START Data for this task

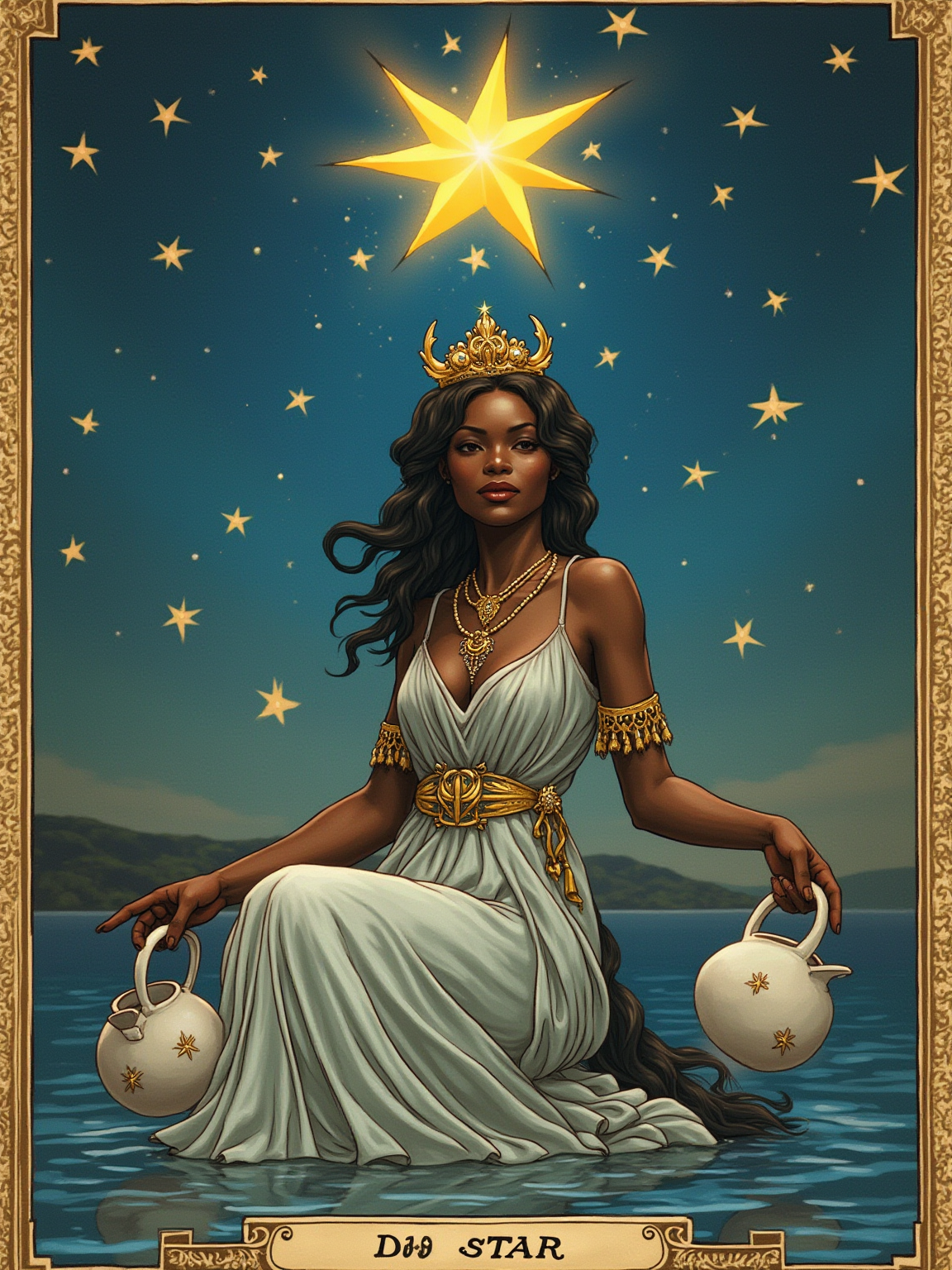 Tarot Card of The Star featuring model wearing flowing ethereal gown with star jewelry and celestial crown , kneeling by water, pouring water from two jugs, seven stars in night sky above, one large star prominent, hopeful serene expression, mystical landscape
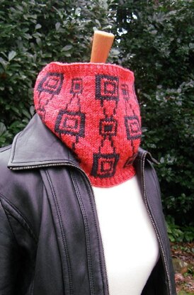 Cowl Whitman is a stockinette stitch cowl with a funky stranded color design. The cowl works up quickly in worsted weight yarn and begins and ends with some rows of twisted ribbing. The pattern is given in three sizes, but can easily be made larger. All the cowls pictured are in the small size.
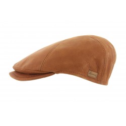 Casquette en cuir cognac de fabrication Italienne, casquette plate en cuir homme et femme coloris tendance référence Wange collection Herman Headwear.
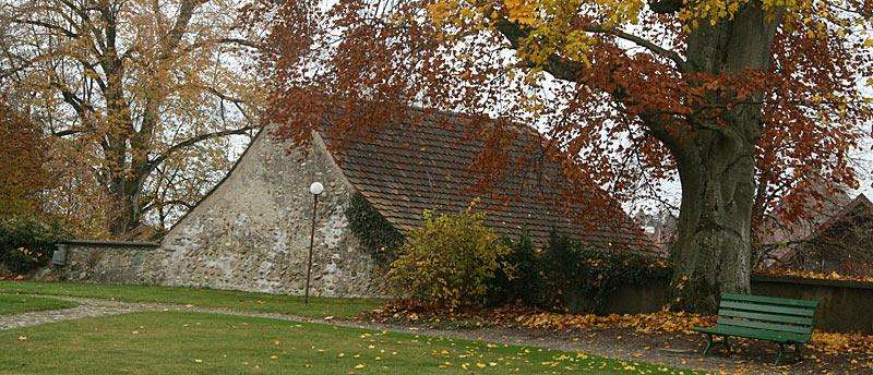 1728 wurde die heutige Saalkirche an den alten, gotischen Turm der abgebrochenen Kirche angebaut, 1912 das Glasgemälde-Triptychon «Bergpredigt» nach Kartons von Eugène Burnand ausgeführt.
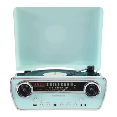 Crosley Powel 7 in 1 Record Player with Speakers & CD Vintage Car Design Bluetooth Turntable Entertainment System AM/FM Radio Retro Aqua Style for Vinyl, Digital Wireless Music
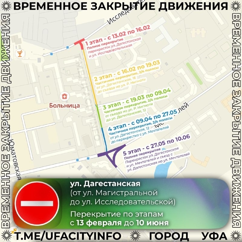 В последующем поэтапно будут закрывать две полосы дороги с четной стороны: с 16 февраля по 19 марта — от дома по ул. Дагестанской, 16 до съезда на ул. Рашита Нигмати; с 19 марта по 9 апреля — от съезда на ул. Рашита Нигмати и до ул. Дагестанской, 12; с 9 апреля по 27 мая — от ул. Дагестанской, 12 до перекрестка с ул. Мечтателей.
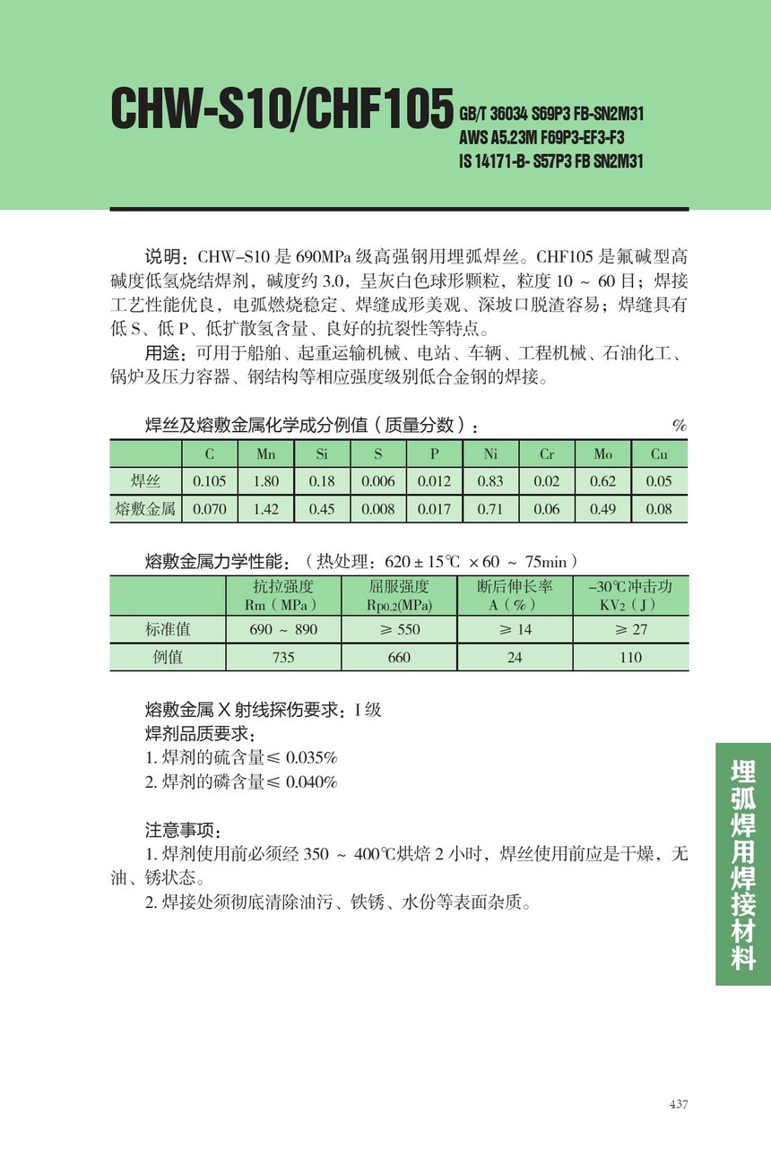 CHW-S10高强钢埋弧焊丝CHF105焊剂
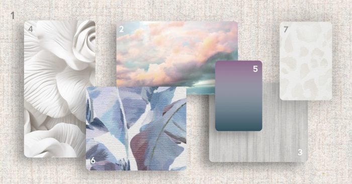 1. Java JAV003, 2. Sanctuary Nimbus, 3. Slate SLA001, 4. Industrialis Rosa, 5. Blooming Marvellous Ombre Ultra Violet, 6. Folia FOL005, and Panthera PAN001.

END Data for this task

• [Exercise objective]: Repeat the lines exactly as they stand, from the opening line of the data through the line with "Crosley Powel 7". Pictures stay out of the copy.

• [Response to this task]:
 Tarot Card of The Star featuring model wearing flowing ethereal gown with star jewelry and celestial crown , kneeling by water, pouring water from two jugs, seven stars in night sky above, one large star prominent, hopeful serene expression, mystical landscape
 Cowl Whitman is a stockinette stitch cowl with a funky stranded color design. The cowl works up quickly in worsted weight yarn and begins and ends with some rows of twisted ribbing. The pattern is given in three sizes, but can easily be made larger. All the cowls pictured are in the small size.
 Casquette en cuir cognac de fabrication Italienne, casquette plate en cuir homme et femme coloris tendance référence Wange collection Herman Headwear.
 1728 wurde die heutige Saalkirche an den alten, gotischen Turm der abgebrochenen Kirche angebaut, 1912 das Glasgemälde-Triptychon «Bergpredigt» nach Kartons von Eugène Burnand ausgeführt.
 Crosley Powel 7 in 1 Record Player with Speakers & CD Vintage Car Design Bluetooth Turntable Entertainment System AM/FM Radio Retro Aqua Style for Vinyl, Digital Wireless Music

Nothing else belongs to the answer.